Prompt: The records that follow must be repeated exactly, except for their pictures.

:: Data

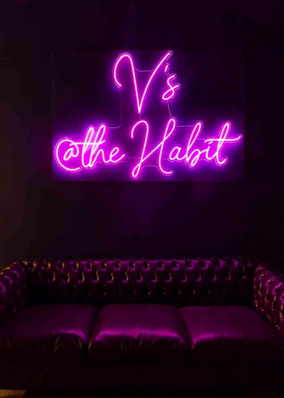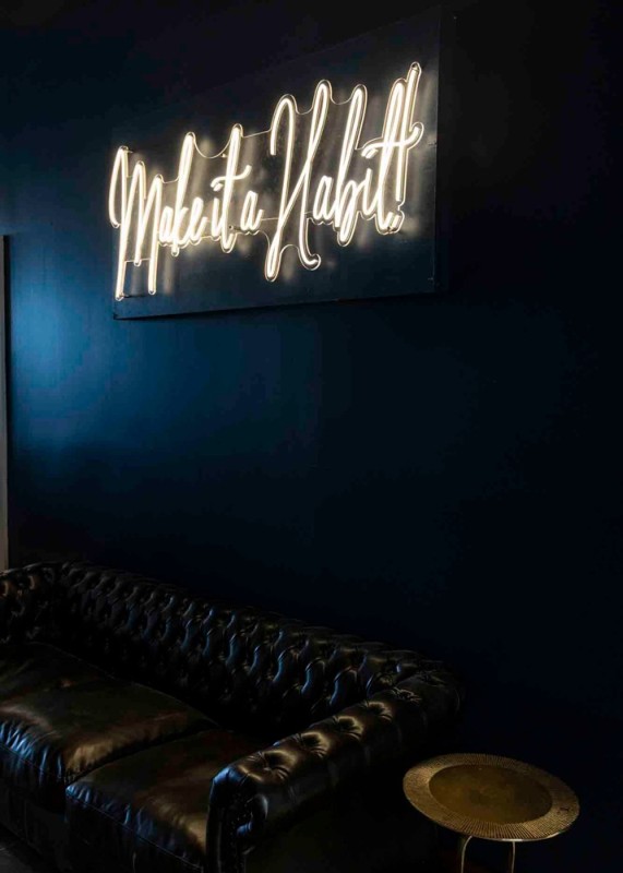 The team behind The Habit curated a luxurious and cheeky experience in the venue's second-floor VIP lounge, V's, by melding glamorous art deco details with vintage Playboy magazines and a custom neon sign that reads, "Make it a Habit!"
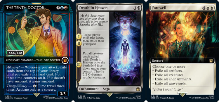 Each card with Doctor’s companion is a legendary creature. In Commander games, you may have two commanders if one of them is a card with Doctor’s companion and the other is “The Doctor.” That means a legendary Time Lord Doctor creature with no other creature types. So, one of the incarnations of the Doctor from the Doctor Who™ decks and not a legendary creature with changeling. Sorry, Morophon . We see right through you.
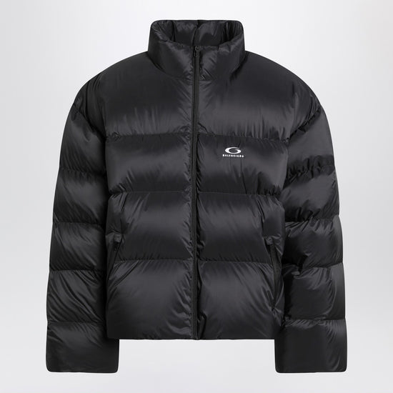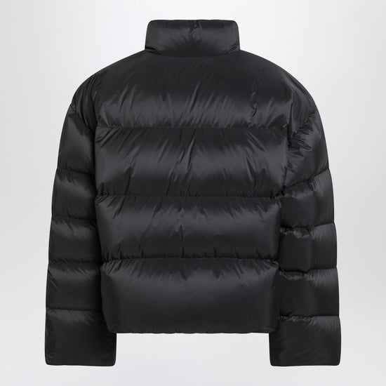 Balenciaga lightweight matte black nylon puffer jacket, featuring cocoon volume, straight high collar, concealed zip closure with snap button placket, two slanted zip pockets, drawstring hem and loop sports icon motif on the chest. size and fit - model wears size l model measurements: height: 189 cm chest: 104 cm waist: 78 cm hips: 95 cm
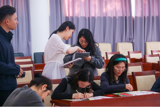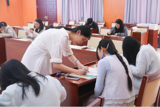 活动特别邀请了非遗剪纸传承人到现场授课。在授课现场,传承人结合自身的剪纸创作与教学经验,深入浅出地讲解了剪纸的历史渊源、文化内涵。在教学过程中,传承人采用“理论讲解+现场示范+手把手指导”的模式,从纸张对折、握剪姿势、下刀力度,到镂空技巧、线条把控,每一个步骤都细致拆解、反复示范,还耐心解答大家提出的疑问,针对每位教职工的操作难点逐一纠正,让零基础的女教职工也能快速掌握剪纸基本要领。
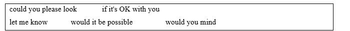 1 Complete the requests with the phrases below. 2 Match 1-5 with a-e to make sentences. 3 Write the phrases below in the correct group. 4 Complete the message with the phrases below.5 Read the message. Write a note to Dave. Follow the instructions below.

::::

Written solution:
 The team behind The Habit curated a luxurious and cheeky experience in the venue's second-floor VIP lounge, V's, by melding glamorous art deco details with vintage Playboy magazines and a custom neon sign that reads, "Make it a Habit!"
 Each card with Doctor’s companion is a legendary creature. In Commander games, you may have two commanders if one of them is a card with Doctor’s companion and the other is “The Doctor.” That means a legendary Time Lord Doctor creature with no other creature types. So, one of the incarnations of the Doctor from the Doctor Who™ decks and not a legendary creature with changeling. Sorry, Morophon . We see right through you.
 Balenciaga lightweight matte black nylon puffer jacket, featuring cocoon volume, straight high collar, concealed zip closure with snap button placket, two slanted zip pockets, drawstring hem and loop sports icon motif on the chest. size and fit - model wears size l model measurements: height: 189 cm chest: 104 cm waist: 78 cm hips: 95 cm
 活动特别邀请了非遗剪纸传承人到现场授课。在授课现场,传承人结合自身的剪纸创作与教学经验,深入浅出地讲解了剪纸的历史渊源、文化内涵。在教学过程中,传承人采用“理论讲解+现场示范+手把手指导”的模式,从纸张对折、握剪姿势、下刀力度,到镂空技巧、线条把控,每一个步骤都细致拆解、反复示范,还耐心解答大家提出的疑问,针对每位教职工的操作难点逐一纠正,让零基础的女教职工也能快速掌握剪纸基本要领。
 1 Complete the requests with the phrases below. 2 Match 1-5 with a-e to make sentences. 3 Write the phrases below in the correct group. 4 Complete the message with the phrases below.5 Read the message. Write a note to Dave. Follow the instructions below.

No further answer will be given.